Top 5 Cable Shoulder Exercises for Mass and Strength

Cable shoulder exercises target your shoulder muscles from every angle. (Photo via Pexels/Scott Webb)
Cable shoulder exercises target your shoulder muscles from every angle. (Photo via Pexels/Scott Webb)

Looking for cable shoulder exercises for mass and strength? Well, we’ve rounded up some of the best ones for you to try.

Cable shoulder exercises target your shoulder muscles from every angle and are ideal for sensitive joints as well. They develop some real muscles, offer consistent tension, and also help you learn the correct lifting technique. Cable exercises allow for more controlled movements, especially when doing overhead pressing exercises, and also offer maximum load for massive strength.

One of the best things about cable shoulder exercises is that they are adjustable and can be used by beginners and advanced exercisers alike.

5 cable shoulder exercises for mass and strength

Here are the top 5 cable shoulder exercises to build boulder shoulders.

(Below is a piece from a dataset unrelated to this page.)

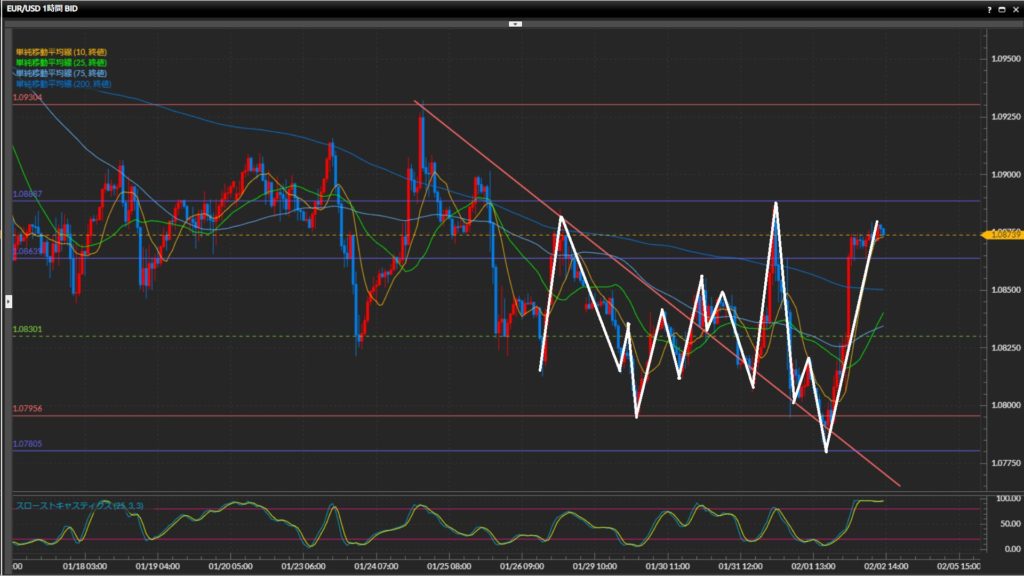 波の上下が激しく目線固定が難しいため、トレードは様子見。

1. Kneeling shoulder press


The kneeling shoulder press is one of the best cable shoulder exercises for increasing shoulder strength. To make the most out of this exercise, however, keep your core muscles engaged and hips tight throughout the movement.

How to perform:

  • Set the cable machine pulley to its bottom height and hold the cable using a wide neutral grip. Kneel on the floor and adjust yourself so that the cable is at the midline of your body.
  • Now pull the handles to your collarbones with your elbows tucked to the sides of your body and press the handles until your arms get straight above your head.
  • Now lower the handles slowly to return to the start.
  • Repeat the exercise.

2. Cable side lateral raises


Side lateral raises are an effective exercise to build strength and mass in the shoulders. Along with the shoulders, however, this exercise also targets your upper back and trapezius. While doing this exercise, remember not to move higher than your shoulder level.

How to perform:

  • Set the pulley to your waist level and stand on the side of the machine. Keep your feet positioned at shoulder-width distance.
  • Hold the cable using your outer hand with your arm straight. Remember to hold the cable at your thigh level.
  • Maintain this position and move your arm up and out to the side to your shoulder level. Lower the cable slowly to its initial position and repeat the exercise.

3. Cable overhead press


One of the most important cable shoulder exercises to add to your shoulder training is the cable overhead press. This exercise works on both deltoids equally and is also a joint-friendly and shoulder-sensitive overhead pressing exercise.

How to perform:

  • Attach a bar to a low cable and hold the handle using an overhand grip. Position your hands slightly wider than your shoulder width.
  • Now curl the cable up to your shoulder level and engage your core as pull your shoulder blades back and down. Remember to keep your feet at a shoulder-width distance.
  • Press the cable up and over your head to your arm’s length, then push the handle back.
  • Lower the cable back to your shoulder level and repeat the exercise.

4. Cable bent-over reverse fly


The cable bent-over reverse fly is one of the best cable shoulder exercises that directly targets your rear deltoids. For this exercise, however, you need to use a dual-adjustable cable machine.

How to perform:

  • Stand straight and lower the cables to the bottom using a single grip attachment. Come in between the cables and hold them by crossing them over one another. Keep your palms facing inward and positioned in the middle of your body.
  • With your feet at a shoulder-width distance, hinge forward at your hips and start to raise the cables out to your sides until they get parallel to the floor.
  • Once the cables reach the top, lower them to their initial position.
  • Repeat the exercise.

5. Cable upright row


While the traditional dumbbell upright row is great for the shoulders, the cable upright row is also effective when it comes to developing shoulder mass and strength. The cable version of the upright row is one of the best ways to build rear delts, upper back, and traps.

How to perform:

  • Stand in front of the cable machine and use a single bar attachment and cable. Ensure that the cable is in line with your middle body and your feet are at a shoulder-width distance.
  • Hold the bar using an overhand grip and start the movement by pulling the bar up while moving your elbows towards the ceiling.
  • Continue to pull the bar until it reaches your collarbone. Slowly lower it down and repeat the exercise.


If you are interested in training your shoulder muscles for mass and strength, look no further than the aforementioned cable shoulder exercises. To make the most out of these cable exercises, however, ensure that you control the execution of your movements and complete a full range of motion.